As illustrated in Figure 20, which shows the spatial distribution of housing across the peri-urban region, the scattered nature of these developments highlights the urgency of strengthening spatial planning controls. Without more effective land-use governance, leapfrog development is likely to persist, undermining efforts toward compact, sustainable, and infrastructure-efficient urban expansion.
A parallel phenomenon was observed in West Surabaya, where unchecked outlying residential development transformed farmland into elite housing, triggering urban sprawl. Consequences included diminished water catchment areas, flooding, traffic congestion, noise, and air pollution, compounded by rising land demand and dense settlements at the municipality’s fringe [52]. The prevalence of outlying development (LEI = 0) in the peri-urban areas of Malang Municipality is largely associated with the proliferation of developer-led housing clusters, which are typically separated from the main urban core by agricultural or forested land. This finding is in line with [53], reporting leapfrog development in Ho Chi Minh City, which occurred near major infrastructure corridors and new industrial zones. However, unlike the informal sprawl patterns observed in cities such as Hanoi or Bahir Dar, most outlying settlements in Malang were found to be formally constructed residential estates. These developments reflect planned but spatially detached urban expansion driven by land price disparities and speculative investments near future infrastructure projects.

4. Discussion

Based on land cover change data from 2004 to 2024, the peri-urban area of Malang Municipality has experienced rapid growth in built-up areas, increasing from 1825.87 ha (4%) to 8017.22 ha (15.39%). This increase reflects high urbanization pressure over the past two decades. The most rapid growth occurred in Singosari, Pakis, and Karangploso Districts, which are also the main centers of municipality expansion. Conversely, Tajinan and Tumpang Districts showed slower growth. Although all regions experienced an increase in built-up areas, the growth rate was uneven.

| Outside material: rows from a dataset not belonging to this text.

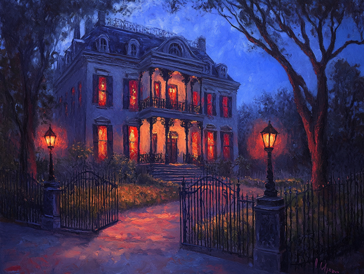 Location: A stately Georgian manor located in Savannah’s historic district, surrounded by wrought iron fences and immaculately maintained gardens.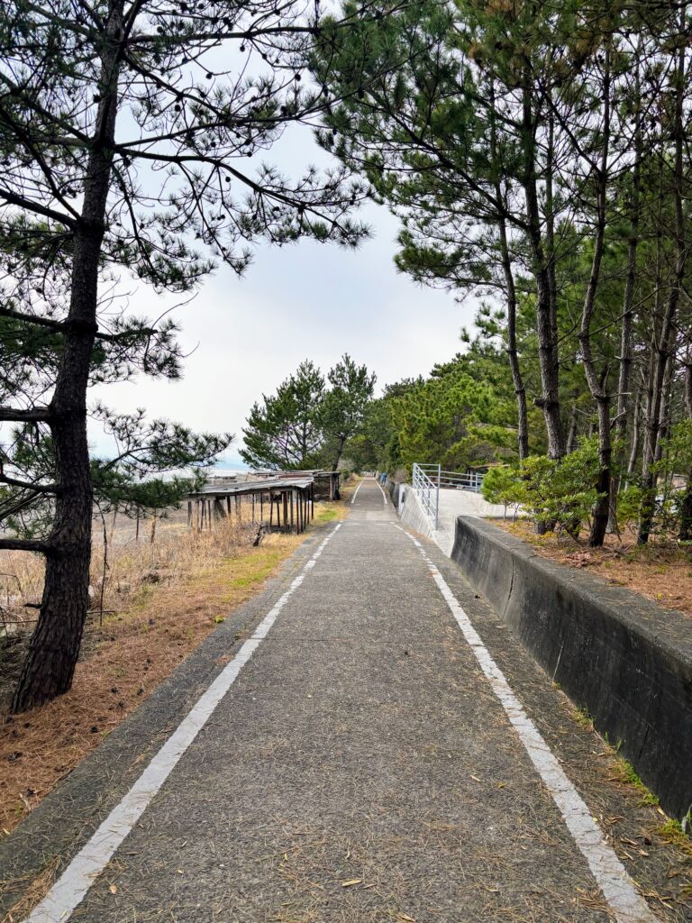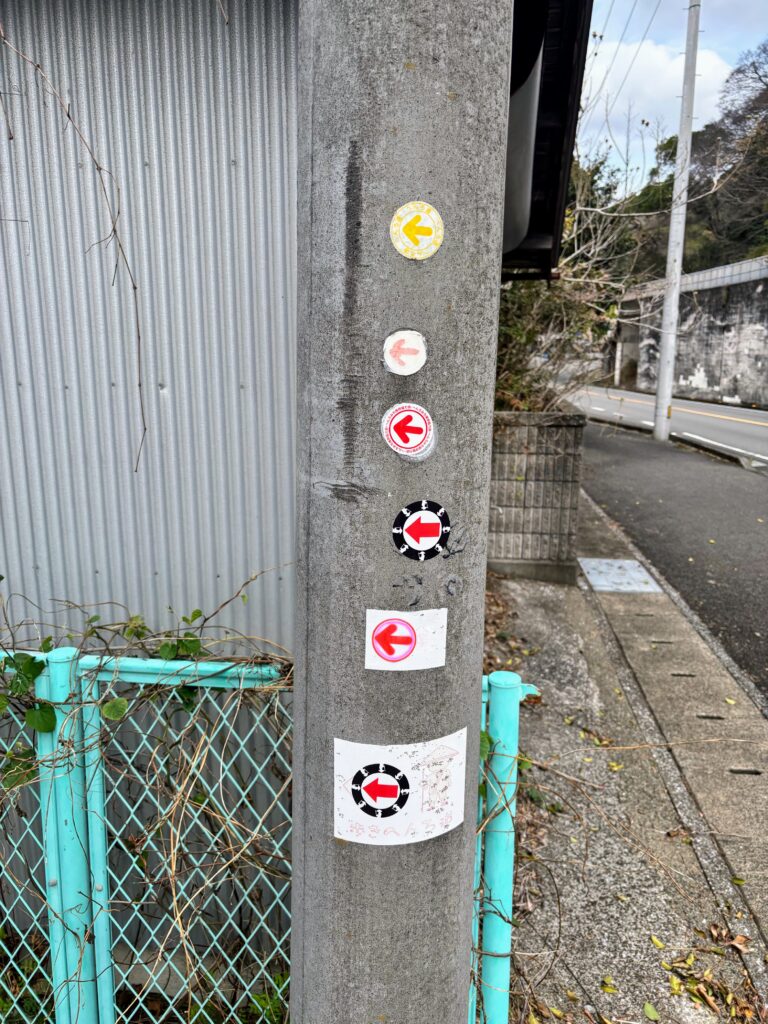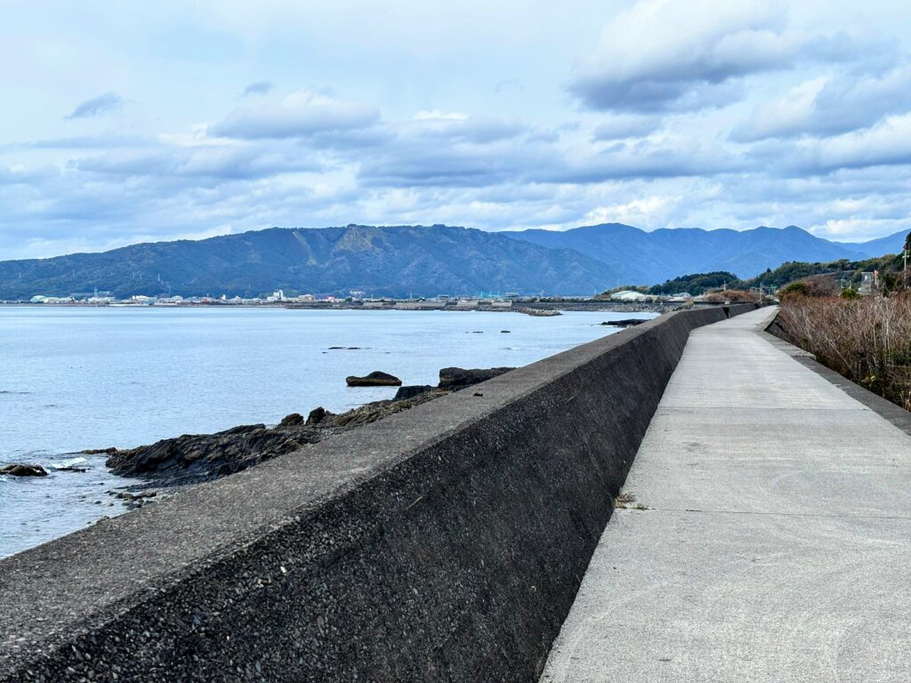 その先、お遍路シールがいっぱい貼られていて先輩方の力強い意志を感じるポイントで曲がる。ラブホテル(歩き遍路用の宿ではない)の脇を抜けて海岸に出ると、そこからは快適な堤防の上を歩いて行く。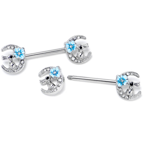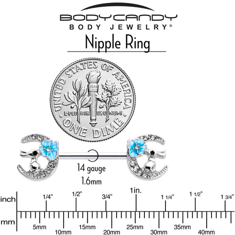 14 Gauge 9/16 Clear Gem Rabbit On Moon Flower Blue Nipple Ring Set
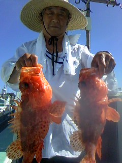 外房大原港~ 鬼カサゴに出船しました (^^)v 始めのポイントは大原沖 ε=┏( ・_・)┛ 水深は140m~150mを狙いました (^^)v が 1kg サイズ 1匹 (;^_^A サメの猛攻撃に合いました (>_<) すぐに場所移動 ε=┏( ・_・)┛ 次のポイントは岩船沖 ε=┏( ・_・)┛ 水深は180mを狙いました (☆。☆) そのポイントで 発見 (☆。☆) 鬼の巣 ☆彡 来ました~ \(^O^)/ 2kgクラスの鬼カサゴ \(^O^)/ しかもカンコも3匹(大きさ2kg~3.6kg) も釣れました (^.^)b 潮がちょうど良く流れ ☆彡 最高の条件でしたね (≧▼≦) これから楽しみです (^.^)b 。 明日・9月21日の火曜日は 一つテンヤのシャクリマダイに出船いたします (☆。☆) 今のところ2名のお客さんから予約を頂いております m(__)m 大原港は 祭典の為 23日~26日までお休みとなります (^.^)b よろしくお願いします m(__)m 今後の釣り物予定です ………↓……… メインで 釣って頂いたスルメイカを餌に 【スルメイカ生き餌の泳がせ釣り】 と 外道も楽しめる 【鬼カサゴ】 に出船いたします。 p(^^)q いずれも10名までの乗船とさせて頂きます m(__)m ご予約お待ちしております(^.^)b お客さんへのお願いです m(__)m ………↓……… 勇盛丸では、常にお客さんの安全を考えて操業しております p(^^)q 【安全1番・楽しさ2番・最後に釣果はついてくる♪♪♪】《文明堂カステラのCMのパクリですが…(;^_^A》 をテーマに 命を預かる商売ですので、いつも慎重かつ冷静な操船を心がけております。 その為には、お客さんのご協力が必要不可欠ですので…… 生意気な言い方かもしれませんが 海の上では、マナーと船長の指示を必ず守って下さるよう、お願いいたします m(__)m 。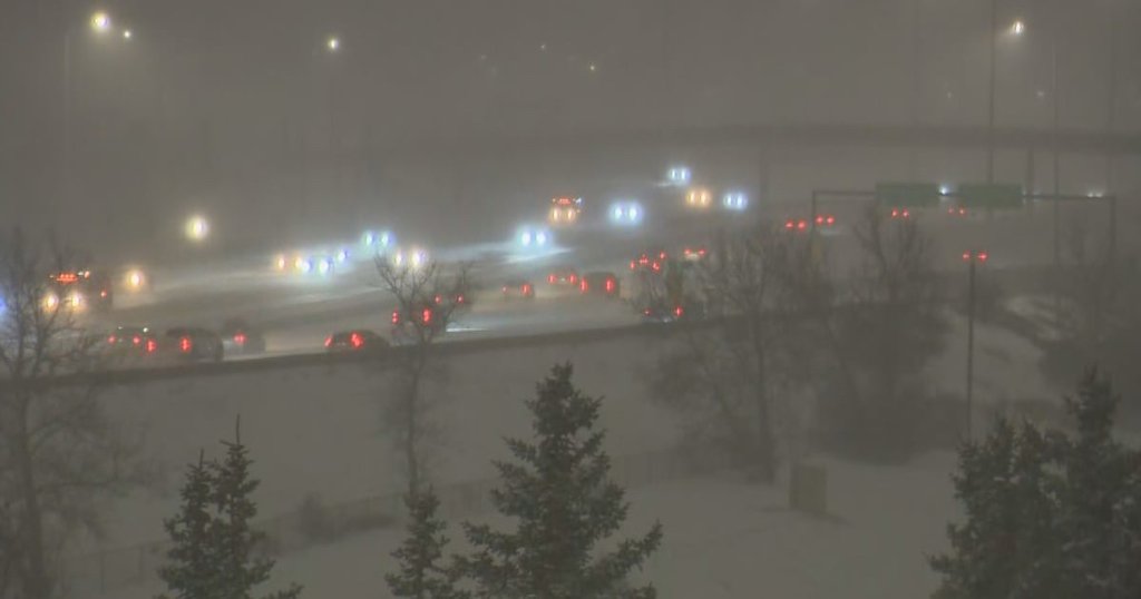 Calgary shivers in spring snow; Twelve vehicles collide in accident, caution issued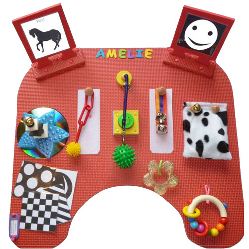 Unsere Therapietische können auch mit der Kommunikationshilfe Topper ausgestattet werden. Topper sind verschiedene Interaktionselemente, die individuell auf jeden Therapietisch und die Fähigkeiten und Bedürfnisse des Anwenders angepasst werden. Weitere Informationen finden Sie unter: www.nickylinedesign.de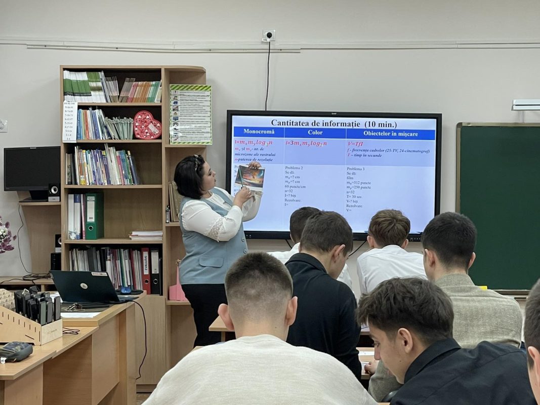 În cadrul Atestării 2024, în instituția noastră s-a desfășurat ora publică, la disciplina informatica în clasa a XI-a „A” profil real. Doamna Olesea SILIVESTRU, directorul liceului și profesor de informatică a prezentat subiectul ,,Cuantizarea imaginilor”, prin diverse activități interactive elevii au realizat calcule pentru a vedea câtă informație conţine o imagine monocromă, o fotografie color și un film color. O lecție bine gândită, interesantă, cu relevanță actuală, a fost apreciată cu calificativul FOARTE BINE.

Urban sprawl has become a pressing global concern, especially in developing countries, where rapid population growth, fragmented spatial planning, and socio-economic disparities often drive low-density urban expansion. A global study by Behnisch et al. [54] found that regions in Southeast Asia and West Africa have experienced the most significant increases in sprawl since 1990, closely associated with accelerated urban transitions and weak spatial governance. These global patterns are echoed in Malang Municipality, where land conversion pressure remains high and poses a serious challenge to sustainable land-use and spatial planning.
The expansion of built-up areas in Malang Municipality’s peri-urban region from 2004 to 2024 demonstrates significant but uneven growth across districts. The most rapid increases occurred in Singosari, Pakis, and Karangploso, indicating their emergence as new peri-urban growth centers. This expansion is largely driven by the proximity to major urban functions such as higher education institutions, tourism destinations (especially in nearby Batu City), and clusters of retail and service activities. The development pattern follows a ribbon-like form, with built-up areas spreading along main transportation corridors, supported by improved infrastructure and accessibility. Northern peri-urban areas tend to grow more compactly due to better access to urban services, while southern areas remain more dispersed. These patterns highlight the need for balanced spatial planning to manage growth pressures, reduce spatial disparities, and support sustainable urban development in Malang’s peri-urban region. These spatial dynamics reflect similar findings in other urban regions, such as peri-urban Cairo [34], where accessibility, infrastructure, and land value significantly influence urban expansion.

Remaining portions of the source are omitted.